● Task requirements: Exact transcription of the data below is required, without the images.

● Material provided:
···
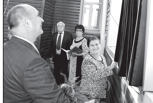
Открытие мемориальной доски
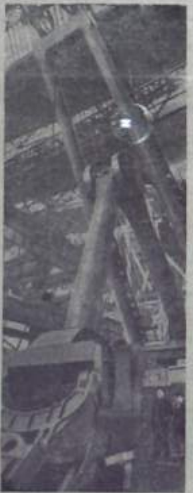
СВЕРДЛОВСЬ. 600 экскаваторов выпустил коллектив Уралмашзавода с начала семилетия. За этот период созданы 2 новых экскаватора, производительность которых на 20 процентов выше выпускаемых ранее.

На монтажной площадке цеха сборки крупных узлов авантюристы сборки монтируют образцы экскаватора ДКГ-5. В отличие от других машин этого типа их имеет лишь несколько в мире. Значительно снижен вес агрегата, удлинена свесная конструкция. Новый экскаватор создан коллективом конструкторов Уралмашзавода под руководством начальника конструкторского бюро В. З. Раскина. Новая машина будет производиться производственными предприятиями на территории предприятий Урала.
···
● Solution to the problem:
Открытие мемориальной доски
СВЕРДЛОВСЬ. 600 экскаваторов выпустил коллектив Уралмашзавода с начала семилетия. За этот период созданы 2 новых экскаватора, производительность которых на 20 процентов выше выпускаемых ранее.

На монтажной площадке цеха сборки крупных узлов авантюристы сборки монтируют образцы экскаватора ДКГ-5. В отличие от других машин этого типа их имеет лишь несколько в мире. Значительно снижен вес агрегата, удлинена свесная конструкция. Новый экскаватор создан коллективом конструкторов Уралмашзавода под руководством начальника конструкторского бюро В. З. Раскина. Новая машина будет производиться производственными предприятиями на территории предприятий Урала.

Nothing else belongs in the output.